Und an dieser Stelle müssen wir jetzt mal die Metapher wechseln, um die Häschensache noch klarer zu stellen: Bob Dylans Musik ist wie der Stamm eines Mammutbaumes. Die Wurzeln dieses Baumes reichen hinab in die weitverzweigten Gründe der Blues- und Country-Tradition der USA. Die verästelte Krone ist das, was aus Dylans Songs hervorgegangen ist. Die Byrds, die Beatles, Folk, Folkrock, Nobelpreis … und unendlich viel mehr. Und ein klitzekleines Zweigchen in der Krone des Dylan-Baumes, das sind Wolfgang Niedecken und seine Band BAP. Ein deutsches Regionalphänomen mit landesweitem Echo. Wenn man sich Diedrich Diederichsens Diktum von der Sekundarität deutscher Popmusik verdeutlichen will: Voilà!
Außerdem ist Niedeckens Spät-68er-Lässigskeits-Phrasendrescherei ziemlich nervig. »Keine Ahnung, was die geraucht haben« oder »Anyway« oder es wird nichts mit dem »Schönheitsschlaf«. Und noch schlimmer: »auf der Matte stehen«, den Dreh mussten wir »canceln«. Dazu solche Sprüche wie: »sich einen reinlöten« oder »zur Brust nehmen«. So sprechen Leute, die sich selber gerne reden hören. Es fehlt nur das pseudobescheidene Personal-Possessiv-Pronomen »meinereiner«.
Aber abgesehen von der hybriden Häschenhaftigkeit des Erzählers und der hohen Phrasendichte hat das Buch ein geniales Konzept. Niedecken erzählt auf vielen Ebenen und verliert dabei nie die Übersicht. Den roten Faden bildet die Geschichte, wie er im Jahr 2017 mit dem österreichischen Videoregisseur Hannes Rossacher (der wäre das Hündchen in der Häschen-Metapher) eine Dokumentation über Bob Dylan gedreht hat. Dafür reist der Doku-Tross quer durch die USA, um an den wichtigsten Lebensstationen Dylans haltzumachen. Also eine Art Wallfahrt. Es geht von Washington nach New York und Woodstock, also zu Dylans Leben in den 60ern. Dann geht es in den Norden nach Duluth und Hibbing, wo Dylan seine Kindheit und Jugend verbrachte. Und schließlich nach New Orleans, San Francisco, Los Angeles und San Diego, wo am Ende alle Stars landen, wenn sie genug Geld verdient haben.

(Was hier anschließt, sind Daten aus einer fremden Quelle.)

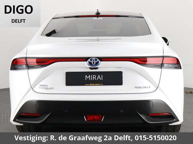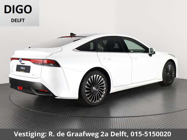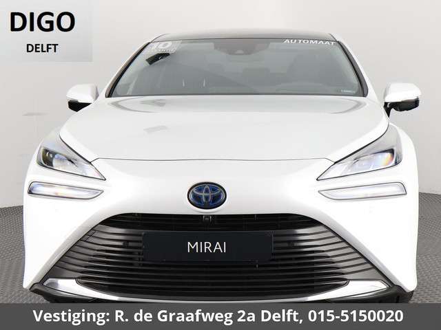 Met deze Toyota Mirai kunt u weer jaren vooruit, de kilometerteller staat op slechts 26.000. Van binnen is deze Toyota Mirai mooi uitgevoerd met een classy lederen interieur. Zelfs op de koudste dagen zorgt het verwarmbare stuurwiel, de voorstoelen en de achterbankverwarming ervoor dat u en uw passagiers het nooit koud hebben in deze luxueuze auto. Het interieur baadt in een zee van licht door het glazen panoramadak. Ook is de auto voorzien van: 20 inch lichtmetalen velgen, Full LED koplampen, donker getint glas achter, LED-achterlichten en verstelbare lendensteunen.Een gevisualiseerd overzicht van alle belangrijke functies wordt geleverd door het digitale dashboard. De 360 graden camera kan het blinde vlek probleem van de achteruitkijkspiegel oplossen, waardoor ongevallen worden voorkomen. Met adaptive cruise control houdt de auto zelfstandig afstand tot uw voorligger. Een veiligheidsverhogende optie waarmee u comfortabel onderweg bent. Ingebouwde spraakbediening maakt het mogelijk om de auto te bedienen zonder dat uw aandacht wordt afgeleid. De sensatie van superieur geluid wordt geleverd door het high performance audiosysteem. De Toyota is standaard voorzien van: full map navigatiesysteem, kruisend verkeer detectie, automatische airconditioning, draadloos opladen, DAB ontvangst en regensensor.
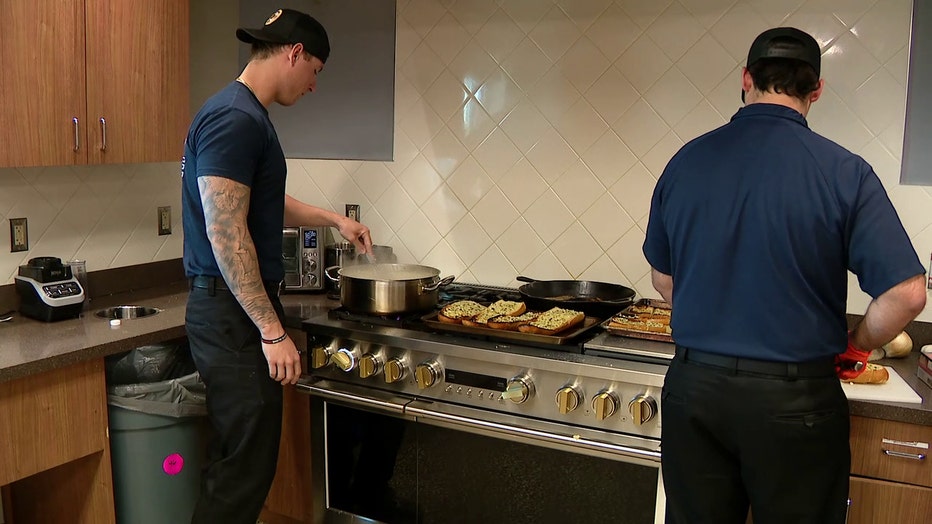"Today, the lunch that we had, we had burgers. The meat was on sale for that and then most of the ingredients for the chicken marsala was on sale as well. So, that’s why we ended up doing that," said Travis. "Every station, what we do is everyone puts in $20 and that’s the food bill for the day."

Einer der vielen Erzählfäden ist Dylans Leben, das Niedecken anhand der Reisestationen abhandelt. Bei diesem Thema ist er natürlich absolut sattelfest. Das Heldenverehrungspathos hält sich in erträglichen Grenzen. Gleichzeitig bringt Niedecken das Kunststück fertig, sein eigenes Leben und seine Karriere als Musiker entlang von Dylans Karrierestationen assoziativ zu verbinden. Dazwischen webt Niedecken immer wieder Erinnerungen an frühere Reisen in die USA ein. Und natürlich berichtet er, wie Dylans Musik das Schreiben seiner eigenen Songs beeinflusst hat. Und das Faszinierende ist: Das liest sich weg wie nix. Und hinterher weiß man etwas über die USA, Dylan und Niedecken. Trotz aller Häschenhaftigkeit.
Wolfgang Niedecken über Bob Dylan. KiWi-Musikbibliothek, Band 11, 240 S., geb., 14 €.